What happened?
Between 17:24 and 18:45 UTC on 18 March 2025, a subset of customers may have experienced network connectivity issues with resources hosted in the West Europe region. We determined that only inter-region traffic - meaning traffic moving to or from other Azure regions and West Europe - was affected. ExpressRoute and Internet traffic were not impacted.
What went wrong and why?
From as early as 09:02 UTC, we were engaged on incidents, where we were mitigating multiple failures with some of our networking devices across multiple regions in which Wide Area Netowrk (WAN) routers were failing to renew their certificates. These issues were a combination of a decommissioned certificate authority, and a bug affecting agents across a subset of our devices.
Our automated systems create and renew certificates using Certificate Authority (CA) servers. During this event we unearthed an issue where a subset of our agents was susceptible to a renewal bug where it corrupted the working certificate while performing a renewal using the secondary CA server, when the primary CA server was unavailable. This caused the agent to restart continuously.
In West Europe, we engaged on an issue where the agent running on a backbone router was failing to renew its certificate. A backbone router is a crucial component in networks that provides the primary path for data traffic across different segments or parts of a network.
At 17:22 UTC, the automated mitigation initiated the isolation of the unhealthy backbone device from serving traffic. However, at 17:29 UTC, the process was cancelled as it was believed to be related to the non-backbone devices that were failing across West Europe. As this was a backbone device, it should have remained isolated. Consequently, this device was inadvertently brought back into rotation. At 17:24 UTC, this failed renewal led to the agent restarting and putting the router’s forwarding database in an inconsistent state. A forwarding database is a table maintained to efficiently forward packets to their intended destinations. As a result of the inconsistent state, we observed that approximately 25% of inter-region traffic entering and exiting the West Europe region was being erroneously dropped, or blackholed.
Mitigation efforts were delayed by the ongoing response to the decommissioning of the certificate authority and the uncovered bug, which made it difficult for us to broadly assess our monitoring signals. Our efforts were primarily focused on patching devices that serve all Internet and ExpressRoute traffic.
How did we respond?
How are we making incidents like this less likely or less impactful?
How can customers make incidents like this less impactful?
How can we make our incident communications more useful?
You can rate this PIR and provide any feedback using our quick 3-question survey: https://aka.ms/AzPIR/TL8S-TX8
What happened?
Between 17:24 and 18:45 UTC on 18 March 2025, a subset of customers may have experienced network connectivity issues with resources hosted in the West Europe region. We determined that only inter-region traffic - meaning traffic moving to or from other Azure regions to West Europe - was affected. ExpressRoute and internet traffic were not impacted.
What do we know so far?
The issue originated from a service running on the device downloaded incorrect certificate from old certificate server. This led to service restarting and putting device's forwarding database in inconsistent state. We observed that inter-region traffic entering and exiting West Europe was being erroneously discarded.
We identified a specific networking router as the problem.
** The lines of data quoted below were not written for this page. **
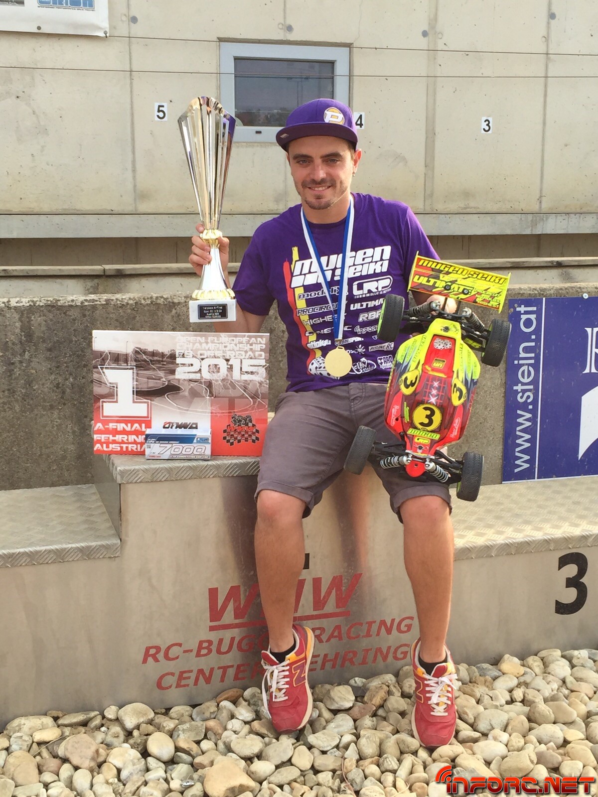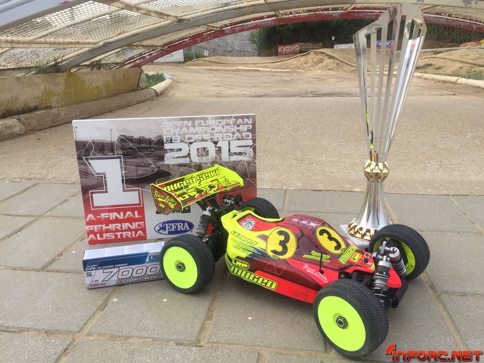 Robert Batlle ha conseguido el primer puesto en el Campeonato de Europa 1/8 TT-E celebrado este fin de semana en Austria. Robert se ha mostrado fuerte todo el evento, consiguiendo el primero en recolocación y en mangas clasificatorias, llevándose finalmente el trofeo a casa ganando la primera y la tercera final. Después de la malísima suerte que acompañó al piloto de Mugen en el Europeo de Nitro, estamos convencidos de que este título supone una necesaria subida de moral para el campeón, que además este año se enfrenta al reto de conseguir su décimo título nacional consecutivo. Unas palabras de Robert:
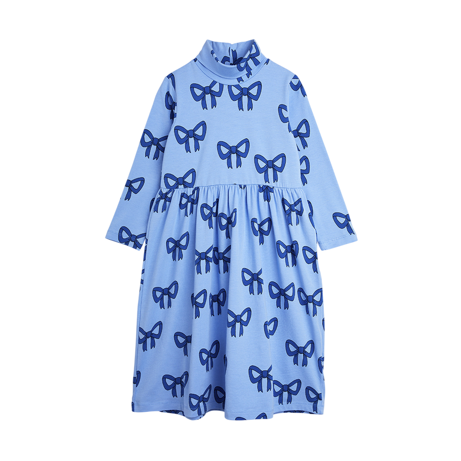 This blue dress by Mini Rodini is printed with a playful bow pattern. It has long sleeves and a comfortable, loose fit. Ideal for leisure or everyday wear.
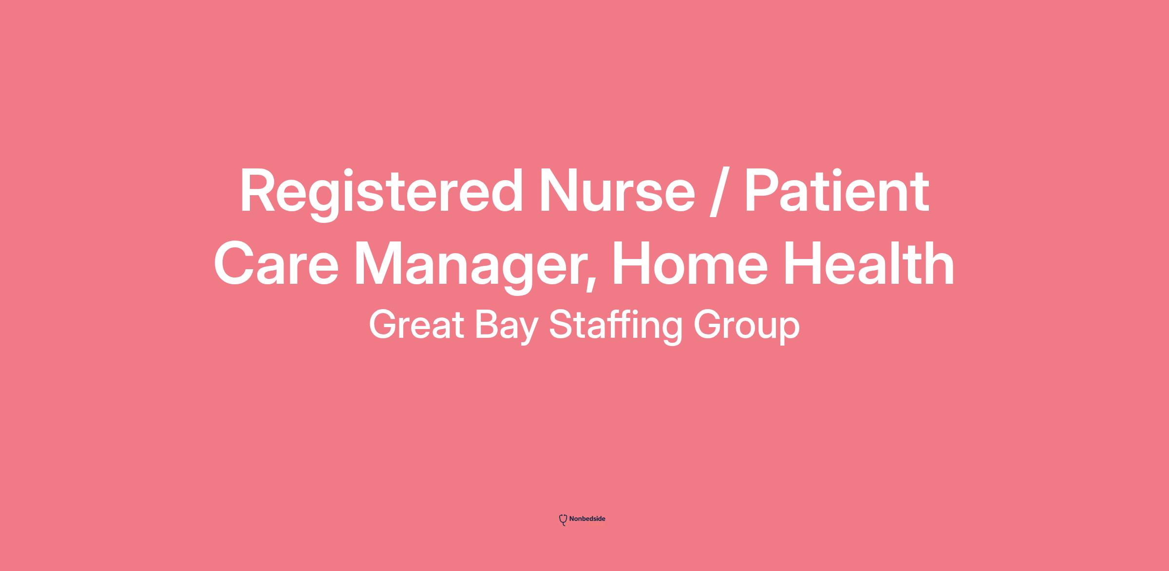 About the job Registered Nurse / Patient Care Manager, Home Health
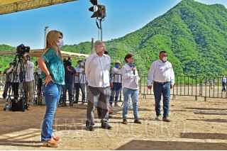 ÁLAMOS, SONORA, 05AGOSTO2020.- Andrés Manuel López Obrador, presidente de los Estados Unidos Mexicanos presidió la inauguración de la Presa Bicentenario “Los Pilares” en el Río Mayo, localidad de San Bernardo. Lo acompañó Claudia Pavlovich Arellano, Gobernadora de Sonora. FOTO: PRESIDENCIA/CUARTOSCURO.COM

The issue was resolved by updating service configuration to point to new certificate server.
How did we respond?
17:26 UTC on 18 March 2025 –Network connectivity issues were first observed.
17:26 UTC on 18 March 2025 –The issue was detected shortly after the impact started.
18:25 UTC on 18 March 2025 – We determined the issue was due to an incorrect certificate was erroneously downloaded, leading to traffic black-holing.
18:45 UTC on 18 March 2025 – The mitigation was applied by fixing the configuration on the affected routers.
18:45 UTC on 18 March 2025 –Immediately after we made the change we observed recovery the network returned to normal operation.
What happens next?
Between 17:24 and 18:45 UTC on 18 March 2025, a subset of customers may have experienced network connectivity issues with resources hosted in the West Europe region. We determined that only inter-region traffic—meaning traffic moving to or from other Azure regions to West Europe—was affected. ExpressRoute and internet traffic were not impacted.
The issue originated from a service running on the device downloaded incorrect certificate from old certificate server. This led to service restarting and putting device's forwarding database in inconsistent state. We observed that inter-region traffic entering and exiting West Europe was being erroneously discarded.
We identified a specific networking router as the problem. The issue was resolved by updating service configuration to point to new certificate server.
Starting at approximately 17:26 UTC on 18 Match 2025, a subset of customers are experiencing network connectivity issues to resources hosted in West Europe. We have determined that the impact is affecting inter-region traffic, this means traffic traversing an Azure region to or from West Europe, might be affected. We are starting to see recovery.
We can confirm that ExpressRoute, and internet traffic are not impacted.
More information will be provided shortly.
An outage alert is being investigated. More information will be provided as it is known.